AIM OF THE TASK: Reproduce the complete set of records exactly. No picture is to appear in the copy.

INPUT FOR THIS TASK:
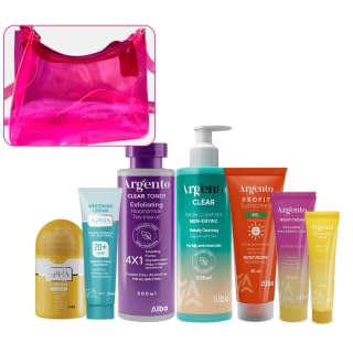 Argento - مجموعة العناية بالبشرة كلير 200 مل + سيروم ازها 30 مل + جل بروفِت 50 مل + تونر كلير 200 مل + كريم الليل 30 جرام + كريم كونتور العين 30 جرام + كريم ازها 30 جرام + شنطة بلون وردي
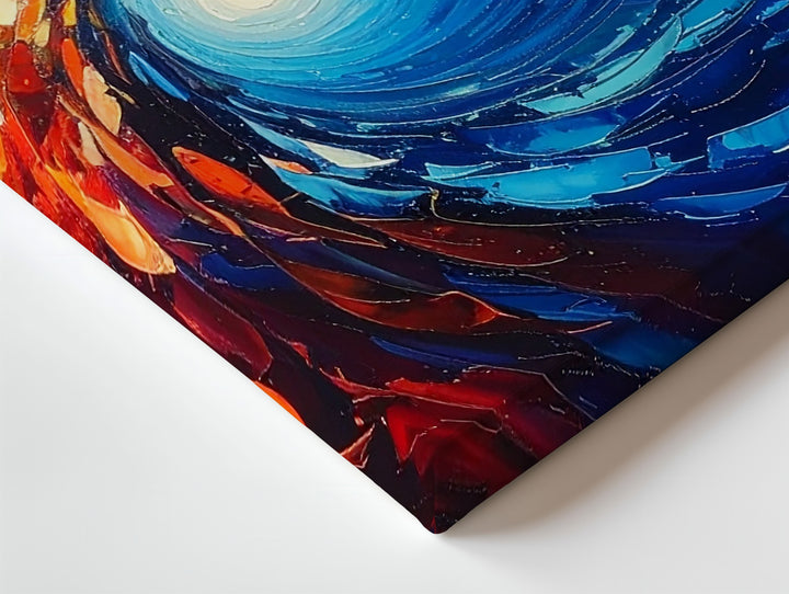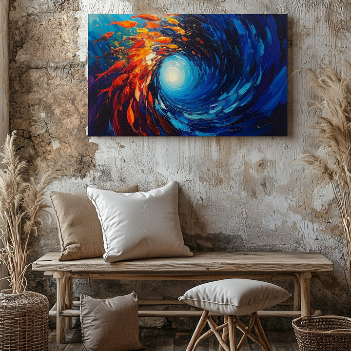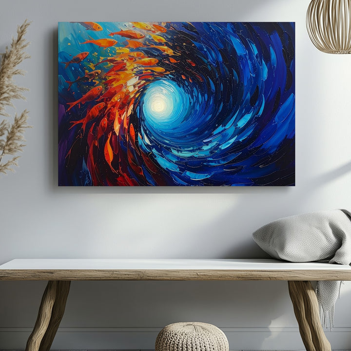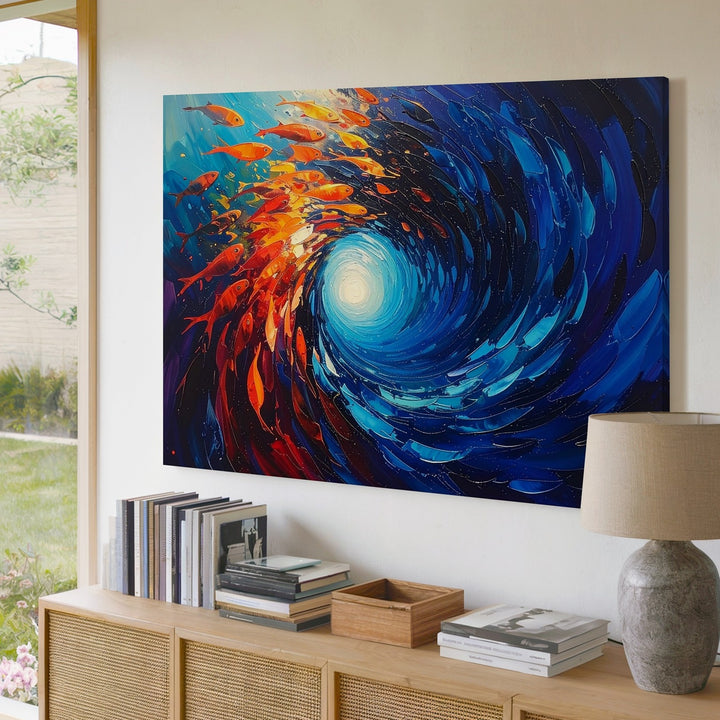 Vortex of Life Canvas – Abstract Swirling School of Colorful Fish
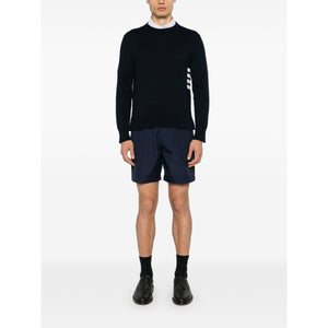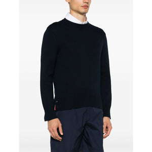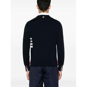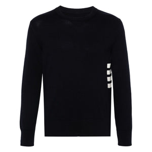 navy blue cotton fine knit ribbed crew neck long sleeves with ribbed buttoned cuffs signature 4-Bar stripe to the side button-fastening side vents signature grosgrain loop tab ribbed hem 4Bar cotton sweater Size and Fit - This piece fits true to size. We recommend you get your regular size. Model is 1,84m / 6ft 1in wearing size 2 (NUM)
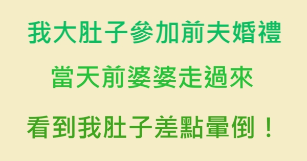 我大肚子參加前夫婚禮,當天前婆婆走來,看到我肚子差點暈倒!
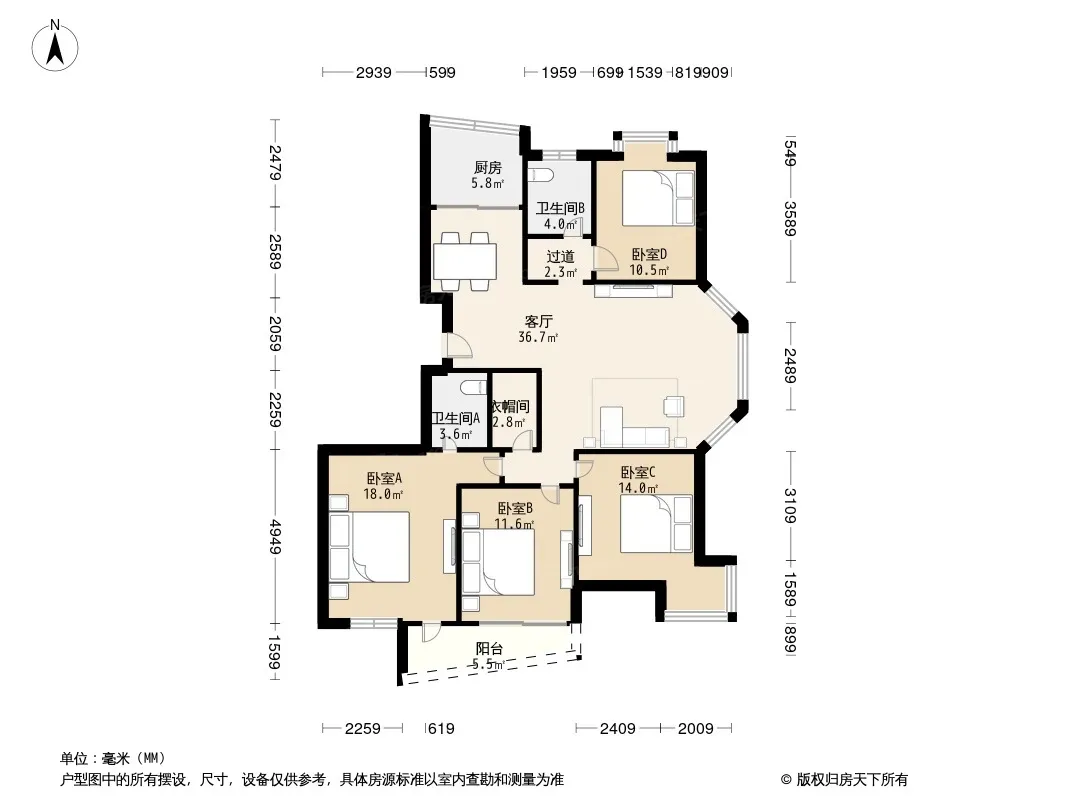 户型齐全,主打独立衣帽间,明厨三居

SOLUTION:
 Argento - مجموعة العناية بالبشرة كلير 200 مل + سيروم ازها 30 مل + جل بروفِت 50 مل + تونر كلير 200 مل + كريم الليل 30 جرام + كريم كونتور العين 30 جرام + كريم ازها 30 جرام + شنطة بلون وردي
 Vortex of Life Canvas – Abstract Swirling School of Colorful Fish
 navy blue cotton fine knit ribbed crew neck long sleeves with ribbed buttoned cuffs signature 4-Bar stripe to the side button-fastening side vents signature grosgrain loop tab ribbed hem 4Bar cotton sweater Size and Fit - This piece fits true to size. We recommend you get your regular size. Model is 1,84m / 6ft 1in wearing size 2 (NUM)
 我大肚子參加前夫婚禮,當天前婆婆走來,看到我肚子差點暈倒!
 户型齐全,主打独立衣帽间,明厨三居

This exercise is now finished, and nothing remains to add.